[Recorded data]
>>
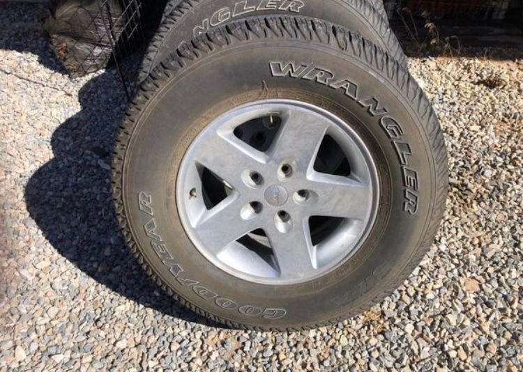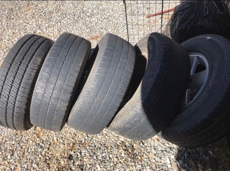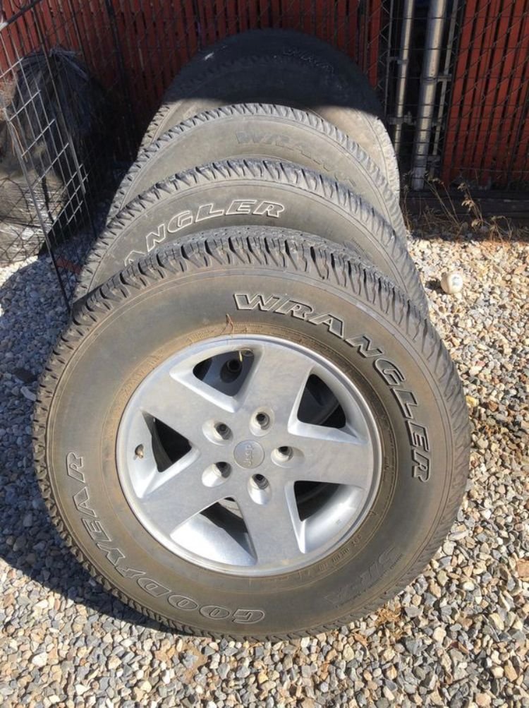 Used Jeep Wheels. 5x4.5 P225/75R17 2 - Good tires 2 - Bad tires 1 - Really Bad Tire. Asking 125. The 2 good tires alone are worth the money. Located in Apple Valley CA.
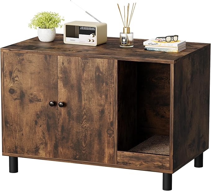 - STYLISH AND STURDY: This hidden litter furniture is both stylish and functional. The sleek design will fit in well with your furniture style. The wood material with waterproof and scratch-resistant paint is more durable
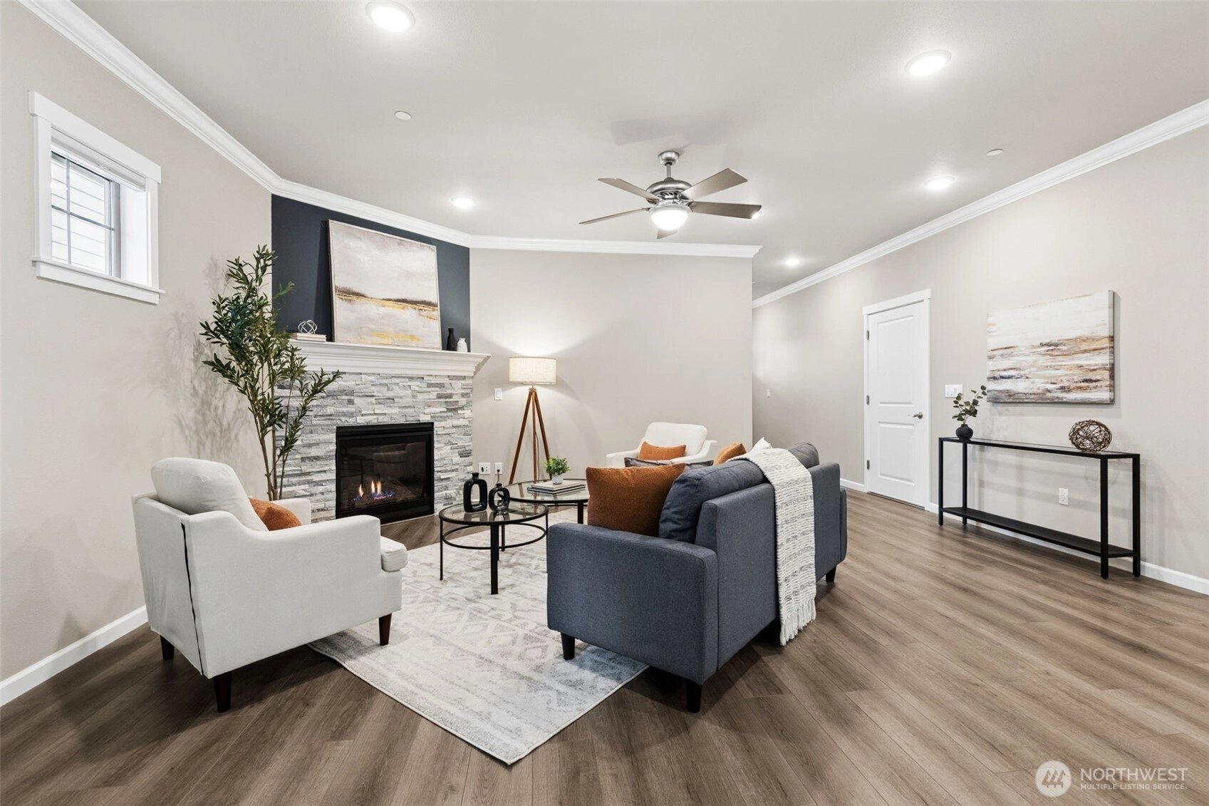 Looking for a low maintenance home & lifestyle? Come find it at Mill Pond, where comfort, convenience, and easy living come together! The popular Cherry model offers a thoughtfully designed 1,752 SF rambler with true ONE-LEVEL living—perfect for a carefree lifestyle. This very energy-efficient, meticulously maintained one-owner home shines with pride of ownership throughout. Step inside to discover an open-concept layout featuring high ceilings and lots of natural light. The spacious kitchen features stainless steel appliances, an oversized island ideal for gathering, and flows seamlessly into the inviting great room, complete with custom crown molding and a cozy gas fireplace! The primary suite is very spacious & offers a walk-in closet and private ensuite bath. Two additional generously sized bedrooms, a second full bath, and a large laundry room provide flexibility and function for everyday living. Additional highlights include forced-air natural gas heating & central A/C, a fully finished two-car garage, and a fenced, private backyard with a covered patio . . . for year-round enjoyment. Enjoy the benefits of a master-planned community with sidewalks, parks, and green spaces, plus direct access to the Chehalis Western Trail for miles of walking and biking. Conveniently located near I-5, Providence Hospital, and local amenities, this home offers low-maintenance living and an active lifestyle. If you’ve been searching for a clean, modern rambler in Olympia—this is it!
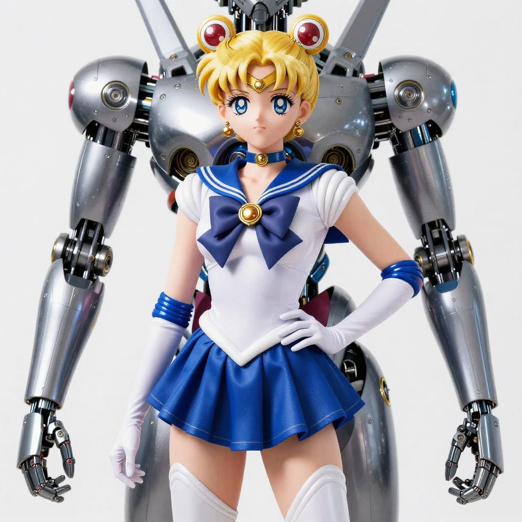 This digital anime-style artwork features a blonde, blue-eyed, young woman dressed as Sailor Moon, a popular magical girl character. She wears a white sailor uniform with a blue collar and bow, a short blue skirt, white gloves, and white thigh-high boots. Her hair is styled in two buns with red and white hair accessories. Behind her stands a large, metallic, humanoid robot with intricate mechanical details and jointed arms. The background is plain white, making the characters stand out. The robot's metallic texture contrasts with Sailor Moon's vibrant, colorful outfit, adding a futuristic element to the classic anime character.
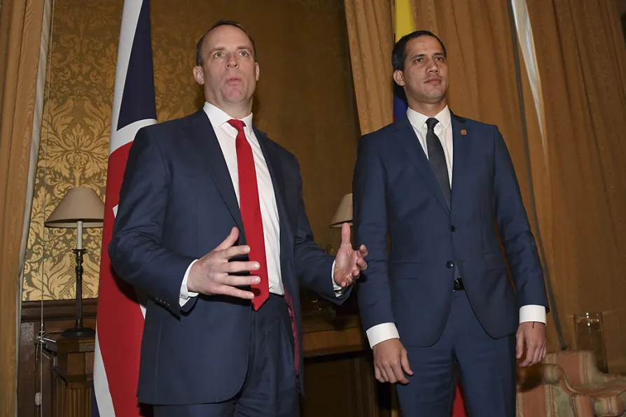 Foreign Secretary Dominic Raab meeting Venezuela's self-appointed ‘interim leader’ Juan Guaido at Foreign Office in London for talks in January
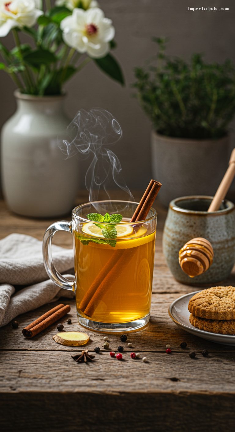 - Fragrant with cloves, cinnamon, ginger, and mint—comforting but not heavy.
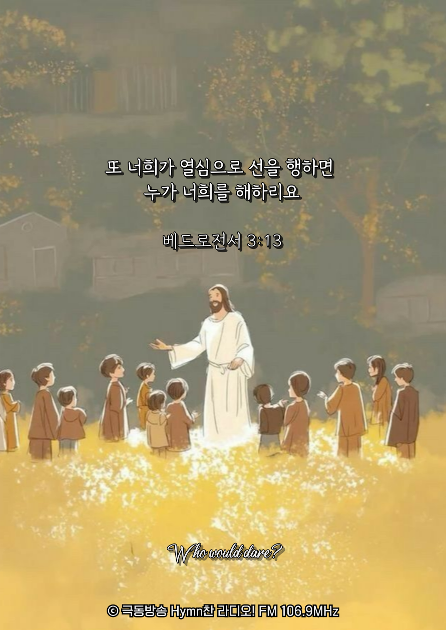 아멘! 베드로전서 3장 13절 말씀입니다. 아멘!
<<
- _Aim of the task_
Output each entry exactly. Skip the pictures.

- _Written reply_
 Used Jeep Wheels. 5x4.5 P225/75R17 2 - Good tires 2 - Bad tires 1 - Really Bad Tire. Asking 125. The 2 good tires alone are worth the money. Located in Apple Valley CA.
 - STYLISH AND STURDY: This hidden litter furniture is both stylish and functional. The sleek design will fit in well with your furniture style. The wood material with waterproof and scratch-resistant paint is more durable
 Looking for a low maintenance home & lifestyle? Come find it at Mill Pond, where comfort, convenience, and easy living come together! The popular Cherry model offers a thoughtfully designed 1,752 SF rambler with true ONE-LEVEL living—perfect for a carefree lifestyle. This very energy-efficient, meticulously maintained one-owner home shines with pride of ownership throughout. Step inside to discover an open-concept layout featuring high ceilings and lots of natural light. The spacious kitchen features stainless steel appliances, an oversized island ideal for gathering, and flows seamlessly into the inviting great room, complete with custom crown molding and a cozy gas fireplace! The primary suite is very spacious & offers a walk-in closet and private ensuite bath. Two additional generously sized bedrooms, a second full bath, and a large laundry room provide flexibility and function for everyday living. Additional highlights include forced-air natural gas heating & central A/C, a fully finished two-car garage, and a fenced, private backyard with a covered patio . . . for year-round enjoyment. Enjoy the benefits of a master-planned community with sidewalks, parks, and green spaces, plus direct access to the Chehalis Western Trail for miles of walking and biking. Conveniently located near I-5, Providence Hospital, and local amenities, this home offers low-maintenance living and an active lifestyle. If you’ve been searching for a clean, modern rambler in Olympia—this is it!
 This digital anime-style artwork features a blonde, blue-eyed, young woman dressed as Sailor Moon, a popular magical girl character. She wears a white sailor uniform with a blue collar and bow, a short blue skirt, white gloves, and white thigh-high boots. Her hair is styled in two buns with red and white hair accessories. Behind her stands a large, metallic, humanoid robot with intricate mechanical details and jointed arms. The background is plain white, making the characters stand out. The robot's metallic texture contrasts with Sailor Moon's vibrant, colorful outfit, adding a futuristic element to the classic anime character.
 Foreign Secretary Dominic Raab meeting Venezuela's self-appointed ‘interim leader’ Juan Guaido at Foreign Office in London for talks in January
 - Fragrant with cloves, cinnamon, ginger, and mint—comforting but not heavy.
 아멘! 베드로전서 3장 13절 말씀입니다. 아멘!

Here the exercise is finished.